We find from the above provisions of Section 195(2) that the person responsible for paying any sum to a non-resident may apply to the ITO to determine the appropriate proportion of such sum which is chargeable to tax. We do not find therein any reference to the rate of tax that has to be applied to the chargeable amount. In other words, Section 195(2) relates to the proportion of the amount that can be chargeable to tax under the Act. The said provisions do not speak at all about the rate of tax that has to be applied to the appropriate proportion of the aforesaid sum held to be chargeable to tax.
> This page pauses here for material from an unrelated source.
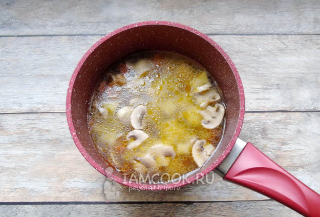 Варите суп до готовности всех ингредиентов. После выложите плавленый сыр и перемешайте. Лучше взять мягкий из коробочки.
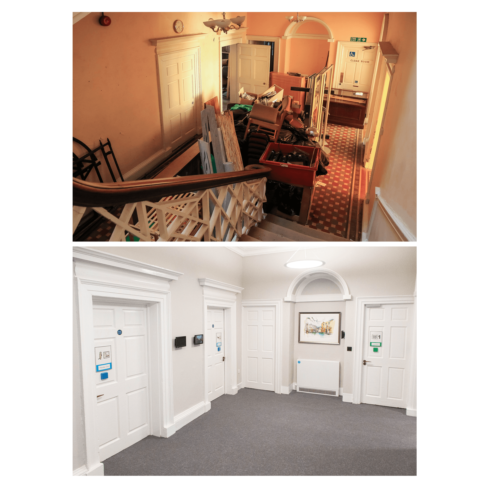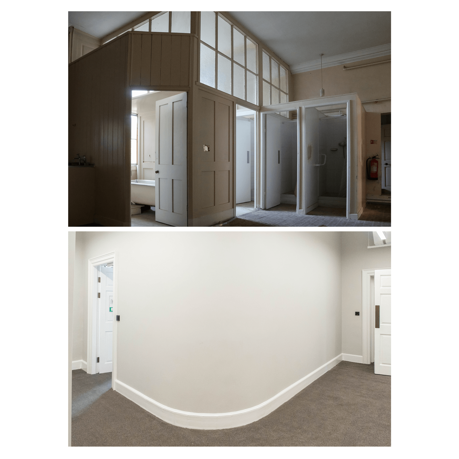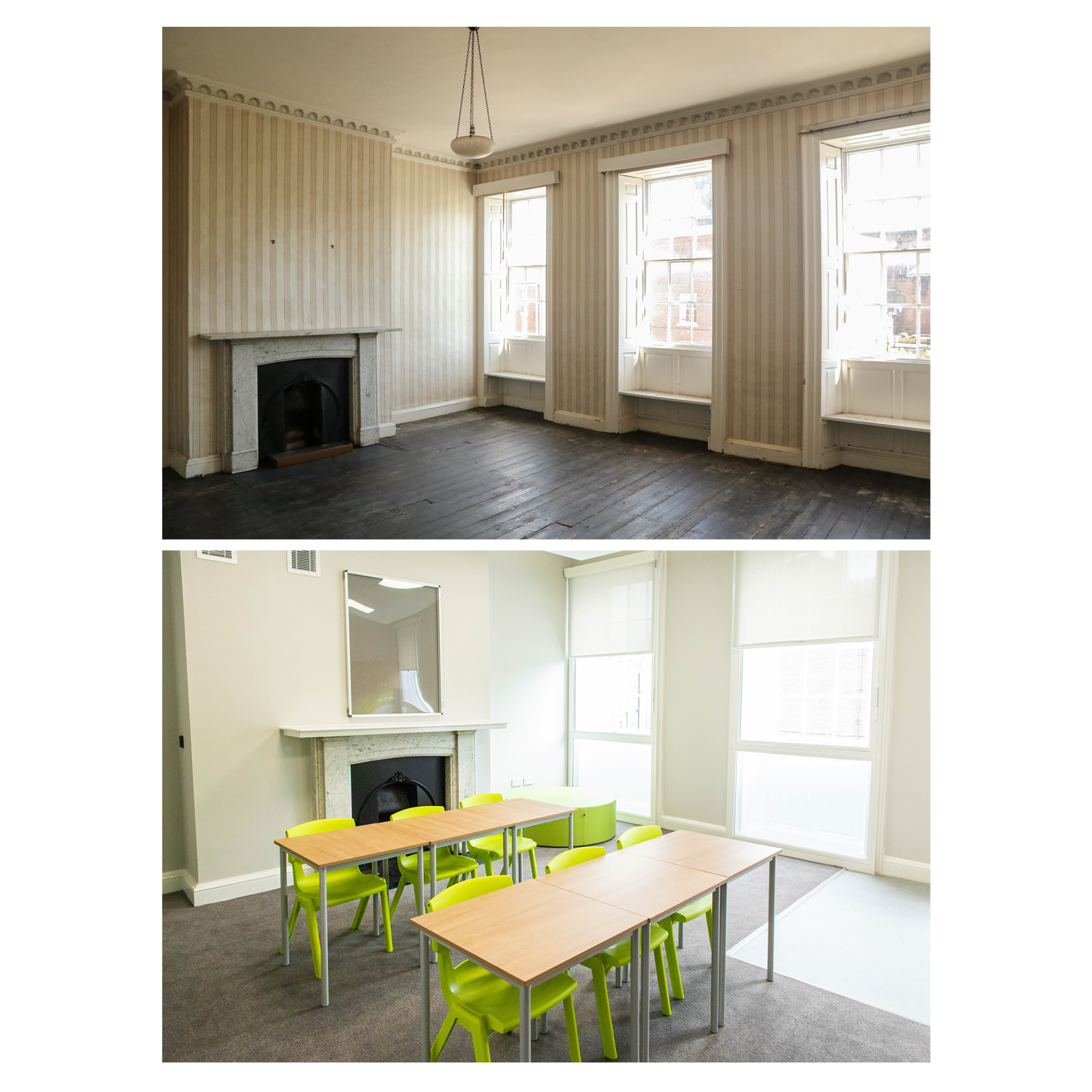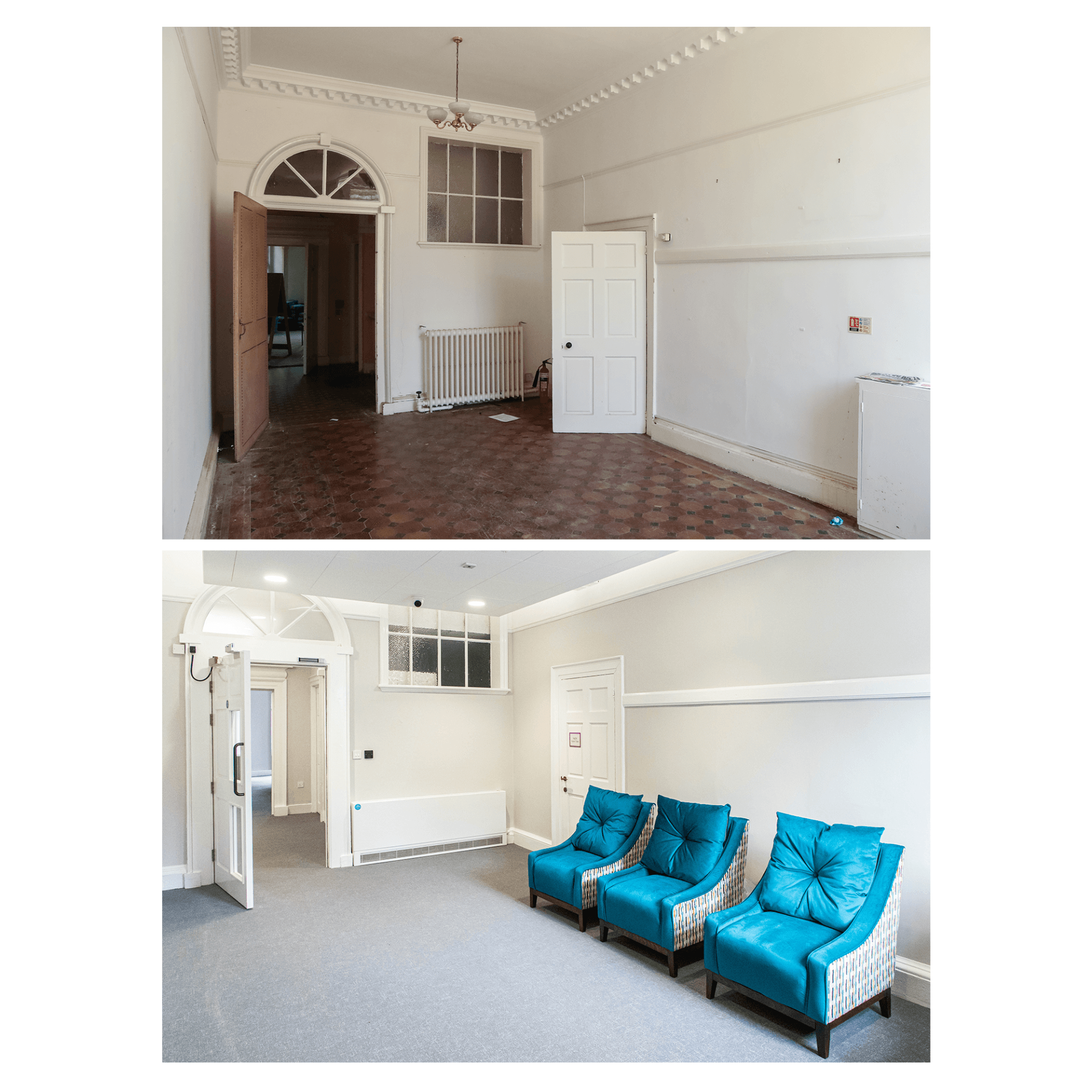 Below are a selection of before and after photos that convey the huge journey the building has taken whilst highlighting the existing features.

3. We asked Shri S. Das Gupta, the learned representative for the assessee, to give us a copy of the application under Section 195(2) made by the assessee to the ITO on the basis of which the latter passed the order dated 2-3-1982 purporting it to be an order under Section 195(2). Shri S. Das Gupta replied that he was not in a position to supply a copy of the said application; but he stated before us that the dispute before the ITO was not as to the proportion of the amount paid by the assessee to the nonresident that should be chargeable to tax.
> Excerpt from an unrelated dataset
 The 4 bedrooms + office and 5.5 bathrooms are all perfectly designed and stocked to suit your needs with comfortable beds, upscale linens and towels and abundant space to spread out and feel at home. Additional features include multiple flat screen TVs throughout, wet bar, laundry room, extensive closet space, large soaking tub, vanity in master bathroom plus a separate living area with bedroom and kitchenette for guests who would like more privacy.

The only dispute raised by the assessee before the ITO, as stated before us by Shri S. Das Gupta, was as to the appropriate rate of tax to be applied to the said amount. We pointed out to Shri S. Das Gupta that the dispute raised regarding the rate of tax did not come under the purview of Section 195 and so the order dated 2-3-1982 purported to be passed under Section 195(2) was misconceived and so is non est in the eye of law. He replied that he had not looked at the matter from that angle and so he could not reply. It is evident from what is stated above that the assessee moved the ITO under Section 195(2) regarding a matter to which the said section does not apply. The dispute relating to the rate of tax that can be applied to the total income arises in the assessment of the recipient of the income and Section 246(1 )(c)of the Act provides for an appeal in case the assessee is aggrieved by the rate of tax applied for computing the lax. That matter is completely outside the purview of Section 195(2) and Section 248. Consequently, we come to the conclusion that the order dated 2-3-1982 passed by the 1TO does not exist in the eye of law. Similarly, the order dated 16-12-1983 is also misconceived and the appeal filed before us is, therefore, equally misconceived and incompetent.